Donkey Down

UK England South West England Dorset Weymouth

  • Deep cleaning of shared facilities
  • Hand sanitising stations
  • Campfires allowed
  • Dogs welcome
  • Groups welcome
  • Campfires Allowed
  • Beaches nearby
  • Good walks nearby
  • Beaches
  • Walking
Family-friendly, dog-friendly, campfire-friendly camping with the best views in Dorset

It’s easy to think you’d get the best sea views by pitching on the waterside. But, two miles in land, Donkey Down is proof that taking a step back makes all the difference. From it’s elevated position, high on a hilltop two miles inland, there’s surely not a campsite in all of Dorset that can match the views of this laid-back, campfire-friendly campsite. To call it scenic is an understatement. The chalky ground slopes away, past an iron-age hill fort, and down to Overcombe, RSPB Lodmoor and Weymouth Bay. Boats thread across the English Channel and, on the horizon, sits the hulking mass of the Isle of Portland. As the sun sets the lights flicker on in the towns below and the sea sparkles. On the hilltop, meanwhile, campers light up their evening campfires and take it all in.

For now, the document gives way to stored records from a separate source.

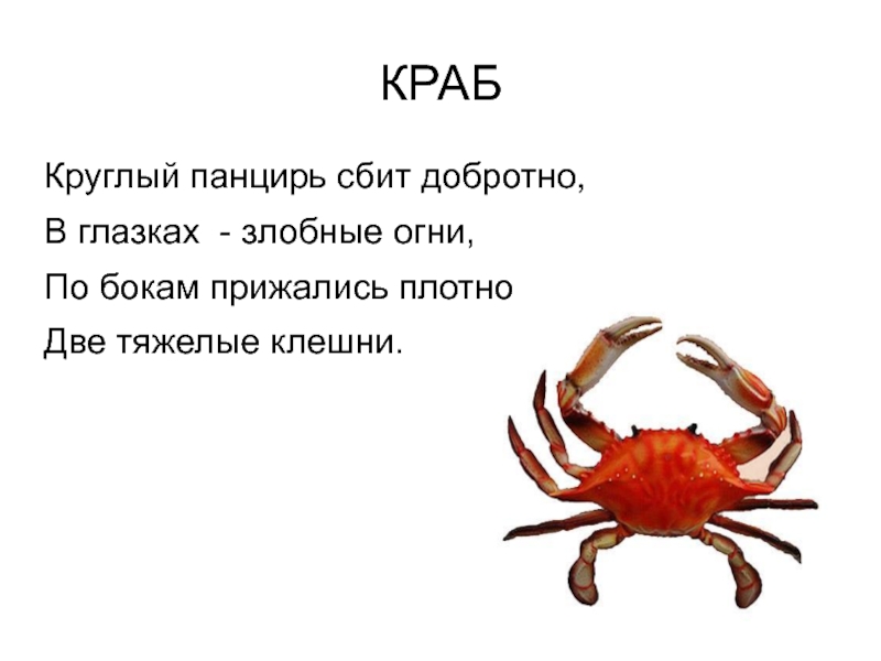 КРАБКруглый панцирь сбит добротно,В глазках  - злобные огни,По бокам прижались плотноДве тяжелые клешни.
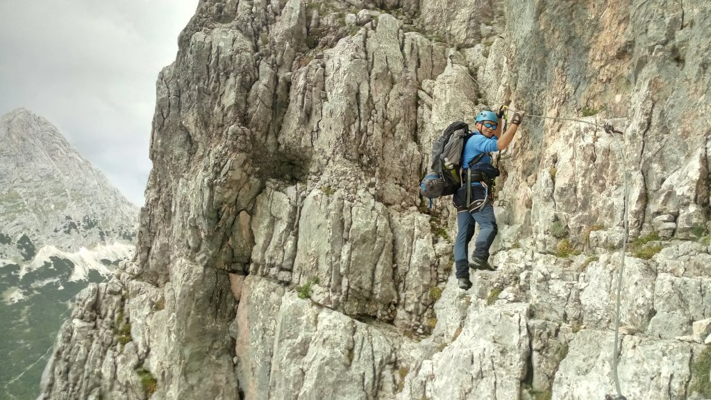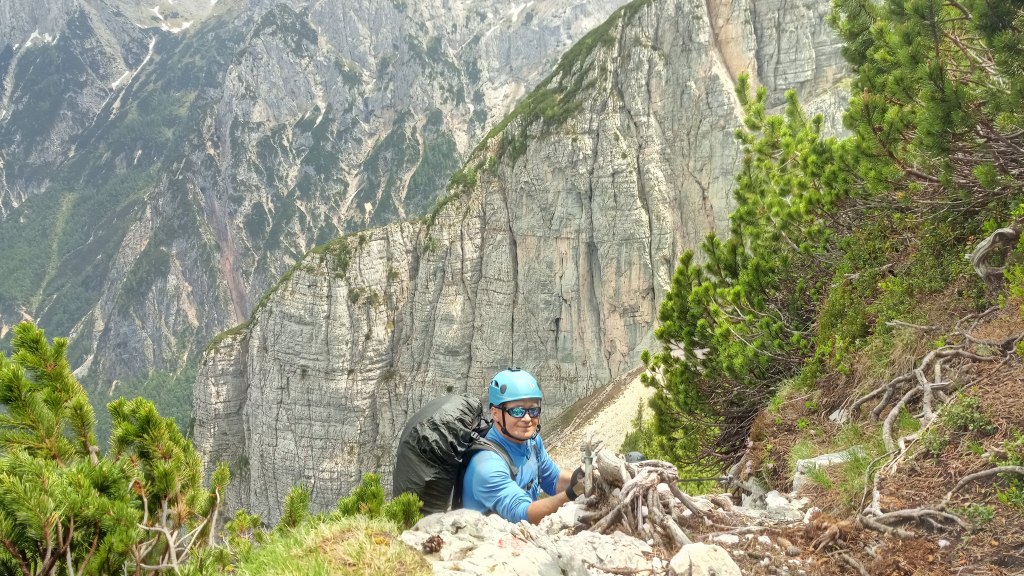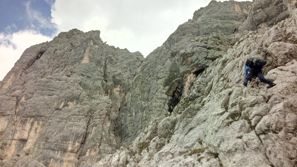 o długości ok. 250 m, jest bardzo narażony na spadające kamienie, które mogą strącać ludzie znajdujący się powyżej, nam to dzisiaj nie grozi ponieważ jesteśmy tutaj sami, więc musimy uważać tylko na siebie. Wysokość pokonuje się w dobrze urzeźbionej skale, a w trudniejszych miejscach po wielu drabinach,które miejscami są zniszczone lub słabo przymocowane do skały – dodatkowa atrakcja. Natomiast ubezpieczenia ze stalowej liny są w dobrym stanie, a odległości między kotwami odpowiednie do pokonywanych trudności. Ten wyprowadzający na półki fragment w mojej opini był najtrudniejszy na ferracie Vandelli – dalej, poza kilkoma miejscami, było już znacznie łatwiej.
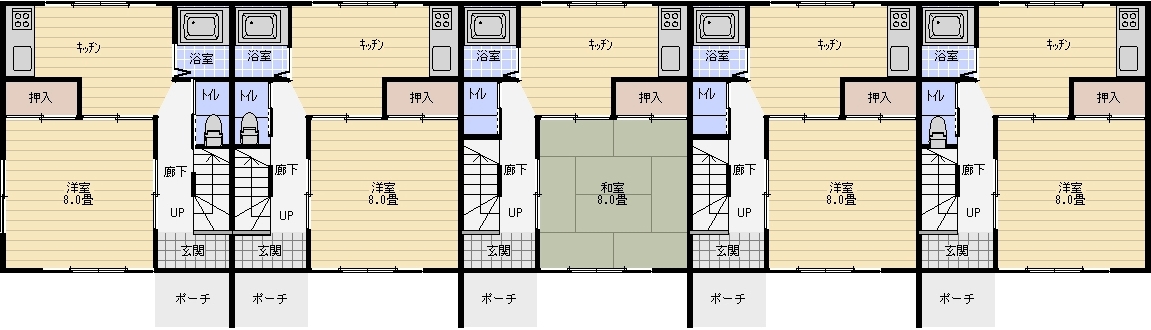 間取の内訳 洋室8帖 、和室6帖 ×2
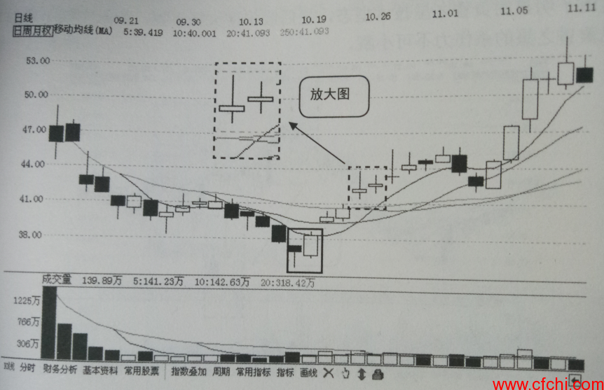 (2)阳线后连续出现两根或两根以上的跳空十字星K线。
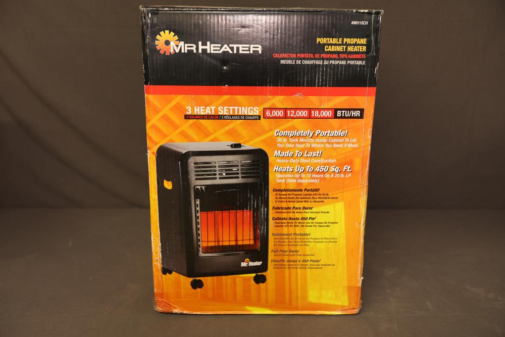 Mr. Heater Portable Propane Cabinet Heater with 3 heat settings (6,000, 12,000, 18,000 BTU/HR). Designed for heating up to 450 sq. ft. Features a durable black casing, built-in wheels for mobility, and a top control knob for heat adjustment. Includes operating instructions and owner’s manual. Requires propane gas for operation. Pickup only.
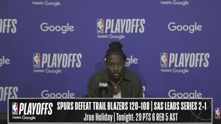 直播吧4月25日讯NBA季后赛,开采者108-120不敌马刺,大比分1-2过时。赛后朱·霍勒迪经受了媒体采访,以下为采访全文。
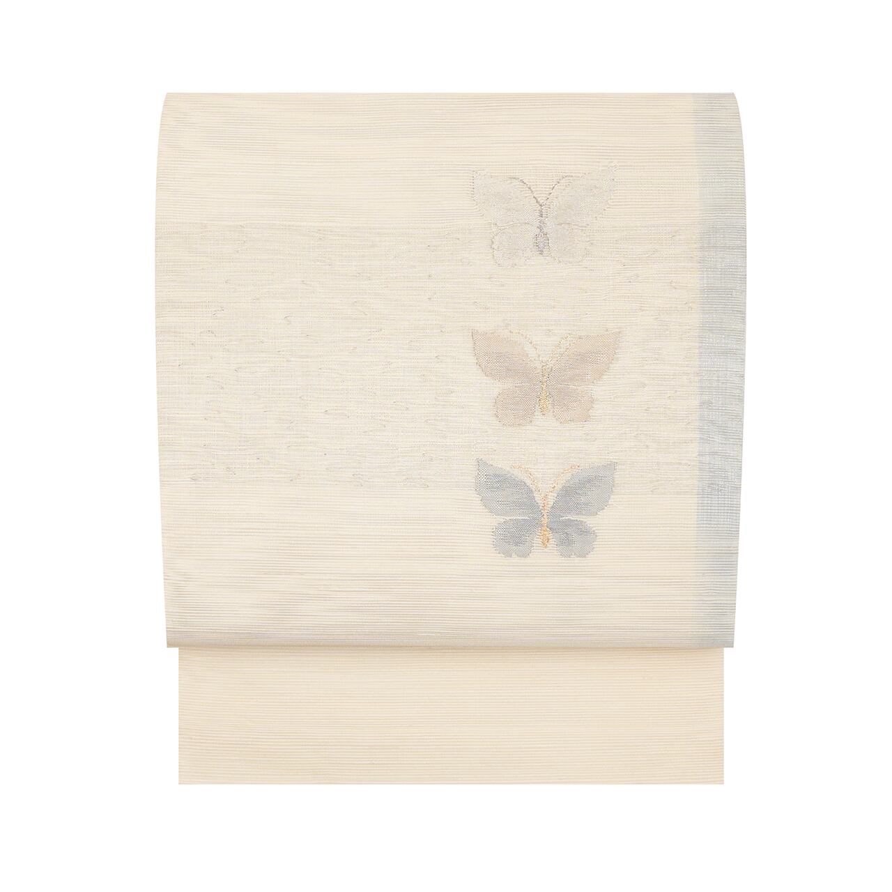 象牙色の張りのある緯糸で絽目に織られた地に、お太鼓には地銀通しで非常に薄く織られた段が取られ、右端には灰青色のボーダーが引かれて、その傍に単色の糸ですくい織で織られた可愛らしい蝶々が並んでいるといった、どこか儚げな雰囲気が魅力的な夏の八寸名古屋帯です。
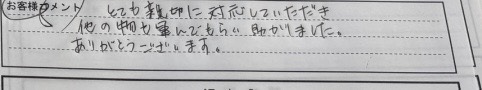 「とても親切に対応していただき 他の物運んでもらい助かりました。ありがとうございます。」
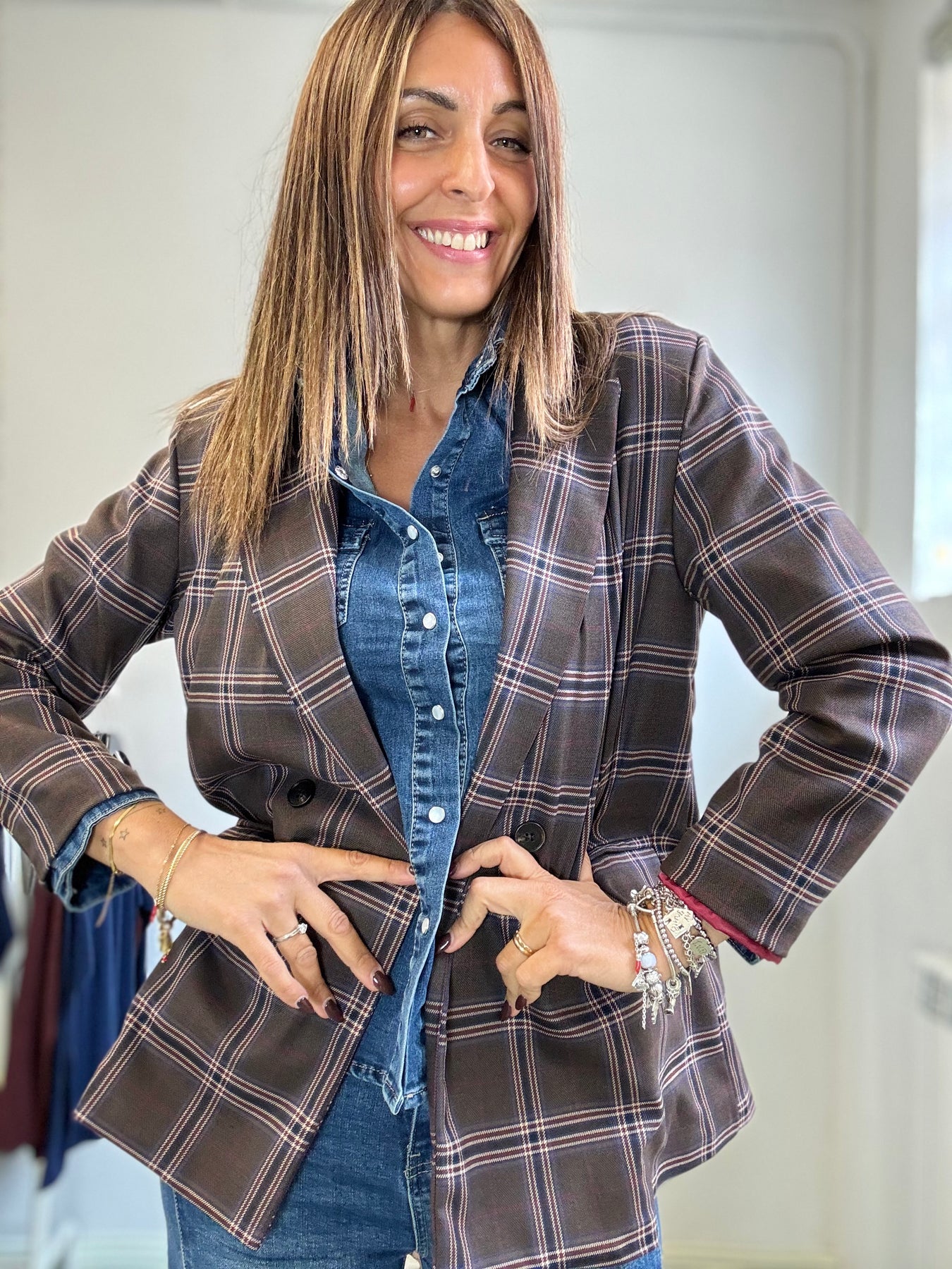 Un blazer dal sapore decisamente autunnale, capace di incarnare tutti i colori di questa stagione dal marrone blu al rosso al panna, passando per il bordo.un taglio leggermente over, taglia unica, veste fino a taglia 46.

Donkey Down is a pop-up farm campsite around for the summer only. Facilities are temporary but none the worse for it. There are hot indoor showers, well-kept composting toilet blocks and drinking water taps are dotted around the vast 10-acre meadow that has room for over 100 tents with space to spare. The neighbouring fields are all open access land, so there’s plenty of space for kids to run off steam and rolly-polly themselves dizzy down the hillside. The campsite is also a matter of yards from both the Hardy Way and the South Dorset Ridgeway – follow the latter along the ridgetop for 25-minutes and you’ll find yourself standing above the Osmington White Horse, a famous limestone hill figure, cut into Osmington Hill in 1808.

To keep campers well fed, the campsite boats an onsite bar and café and food trucks visit throughout summer, particularly on weekends. Walk down the hill to the pretty village of Sutton Poyntz, meanwhile, and there’s a lovely pub opposite the duck pond with pie nights on Wednesdays, wood-fired pizzas through the weekends and a decent garden and play area outside. It’s a 40-minute walk from the campsite down to the beach (the nearest being ‘Bowleaze Cove’, though it’s essentially all one endless beach running from Weymouth) but don’t be fooled by how easy the downhill route seems. It’s more like 45–50 minutes’ walk on the way back, particularly if you’ve eaten too much ice cream.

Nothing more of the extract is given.